A process for preparing crosetin dinitrile according to an embodiment of the present invention will be described with reference to the following Reaction Scheme 2. (Scheme 2 below is an embodiment of the present invention, and thus the scope of the present invention should not be limited.)
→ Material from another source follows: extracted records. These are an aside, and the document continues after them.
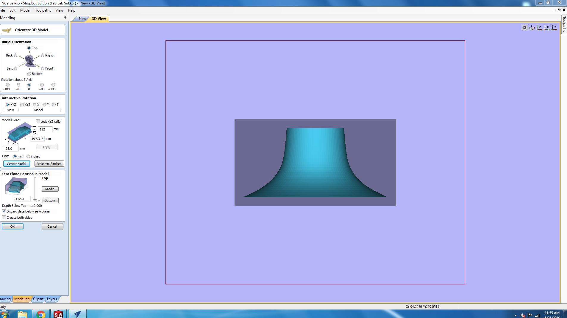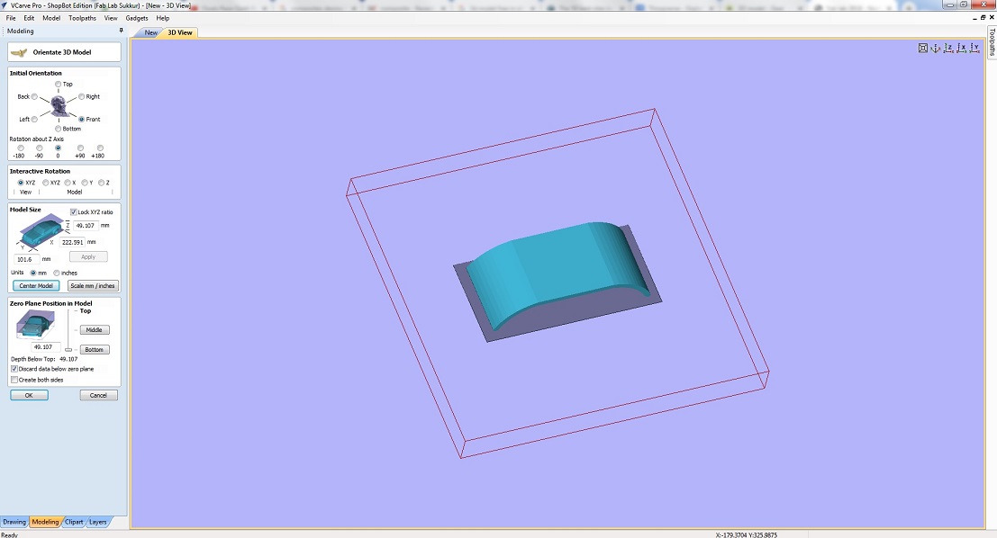 • When the .stl file is imported on Vcarve now set the initial orientation, interactive rotation model size and other things and press ok.
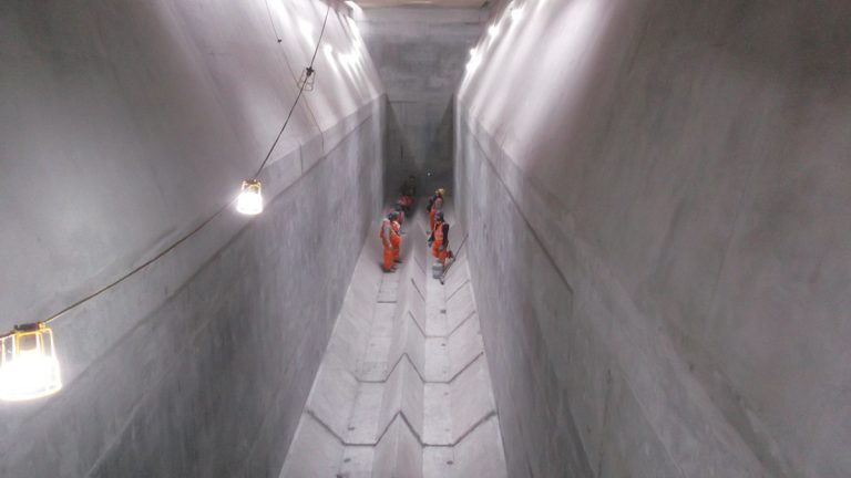 The design of the wet well originated from the USA and is a first for Thames Water. The slim width of the trench and consequent forward velocity transports debris to the active pumps to reduce build up of sediment and hence reduce the need for maintenance access for cleaning. Furthermore, the self-cleansing design and extractable canister pumps eliminates the need for man-access or a second wet well, hence mechanical downtime can be eliminated. More importantly, the necessity to put men in hazardous spaces is eliminated.
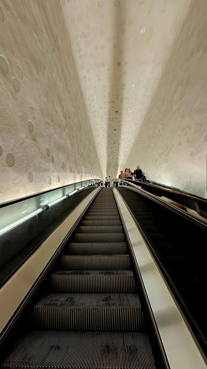 Es ist jetzt 20.45 Uhr und wir sind mitten in der „blauen Stunde“, also perfekt für tolle Fotos kurz nach Sonnenuntergang. Vom Eingang führt uns eine 82 Meter lange, gebogene Rolltreppe aufwärts durch den Speicher. In 2:30 Minuten erreichen wir die Plaza. Schon diese Rolltreppe ist ein kleines Highlight.
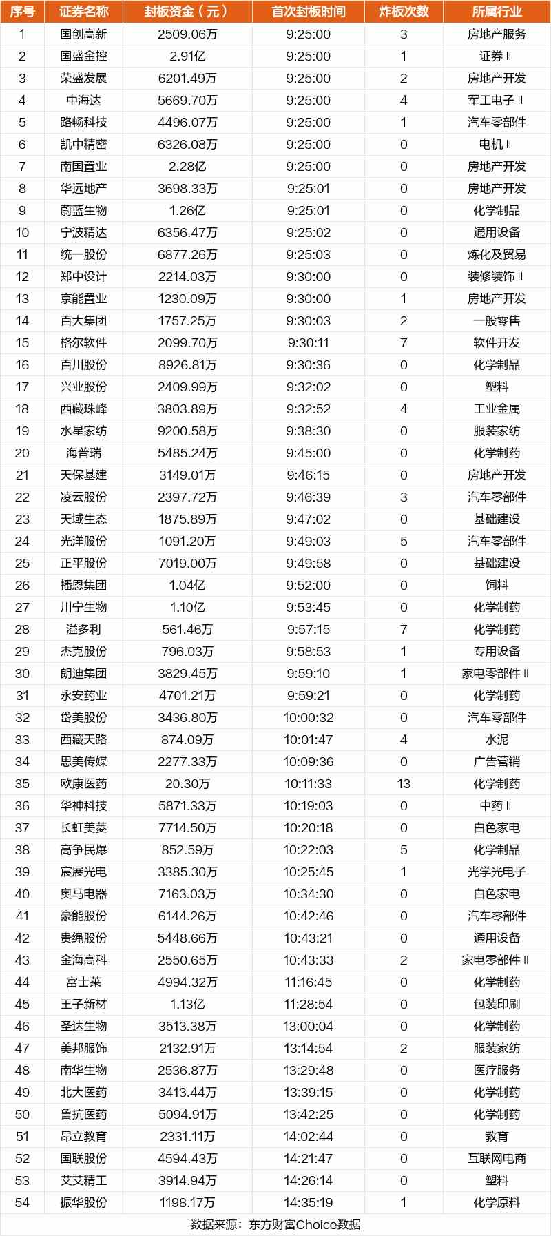 從首次封板時間角度看,今日54只非ST股中,鄭中設計、京能置業(yè)、百大集團等在開盤5分鐘內(nèi)首次觸板。
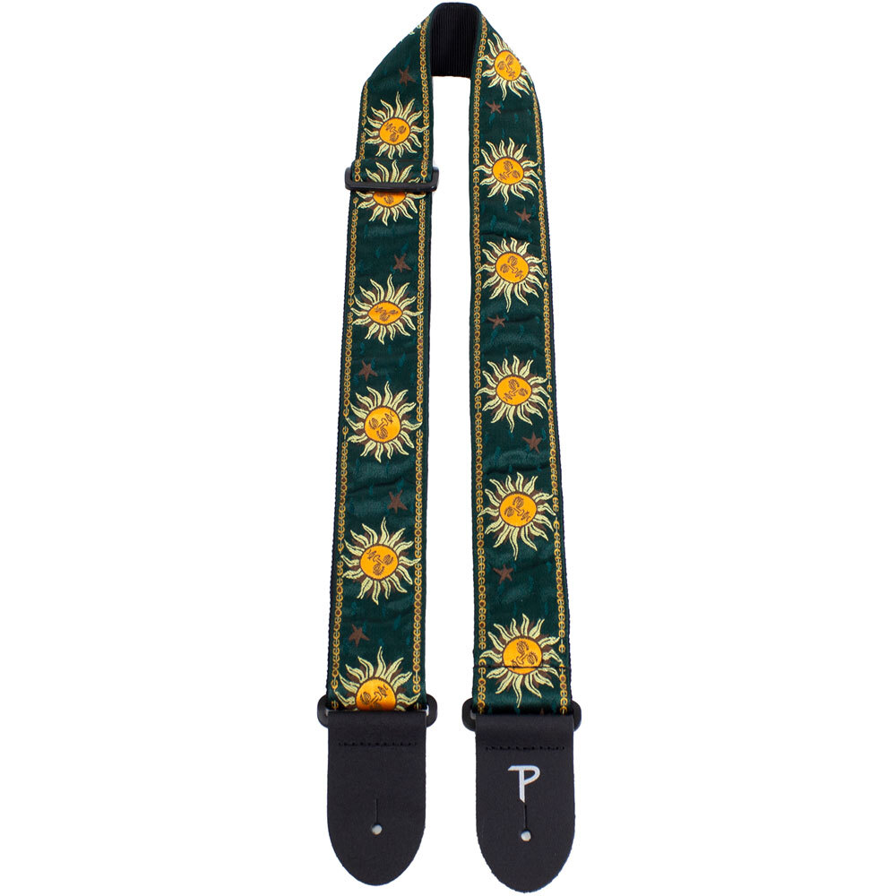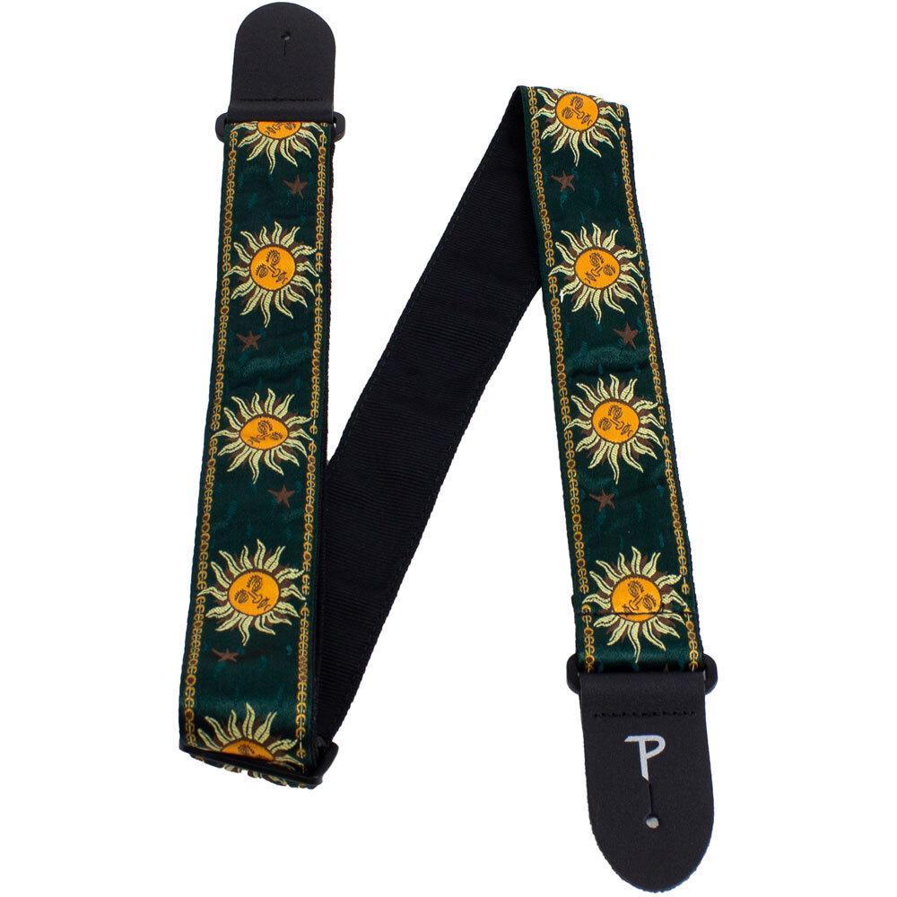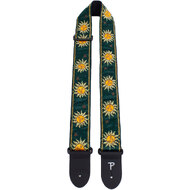This is a 2" wide guitar strap made from high quality jacquard ribbon sewn on tubular webbing with Black Genuine leather ends. Featuring a Suns on Emerald Green Design. It is adjustable in length from 39" to 58"

The use of the novel C ₅ allylic sulfone 1 with a hydrazone protecting group has been demonstrated in the synthesis of the novel crocetin derivative, crocetin dinitrile (Scheme 2). As expected from the regioselectivity analysis, the allylic sulfone (I) is converted to the C ₁₀ allylic chloride (III) in the base-promoted coupling ( t- BuOK in DMF) (2)) to give the trisulfone compound of formula 3b (72% yield).

(2)

[Chemical Formula 4]

(Yield: 56%; 3.5: 1 E / Z mixture at C8) with the Ramberg-Bücklund reaction (C ₂ Cl ₆ (in CH ₂ Cl ₂ ) as halogen source). Base-promoted elimination (KOMe, 80 占 폚) of the benzenesulfonyl group produced fully conjugated polyene 3c with hydrazone (yield of crude 88%). Methanol to easily prepare an analytical sample of formula (3c).

[Reaction Scheme 2]

Deprotection of hydrazones is not a simple task because the natural carotenoid polyenes under acid conditions are unstable. However, intramolecular oxidative dehydrogenation of ammonium oxides formed by oxidation of tertiary amines in dimethylhydrazone was induced to produce nitrile functional groups (parentheses in Reaction 2). Crocetin dinitrile (Formula 3) was obtained with a yield of 60% from the oxidation of hydrazone Formula 3c with mono perphthalic acid. Mono and perphthalic acid were generated from the in situ reaction of urea-hydrogen peroxide (UHP) and phthalic anhydride in acetonitrile. Crosetin dinitrile (3) was synthesized from a C ₅ building block having a hydrazone protecting group (Formula 1) at a total yield of 21% (Step 4).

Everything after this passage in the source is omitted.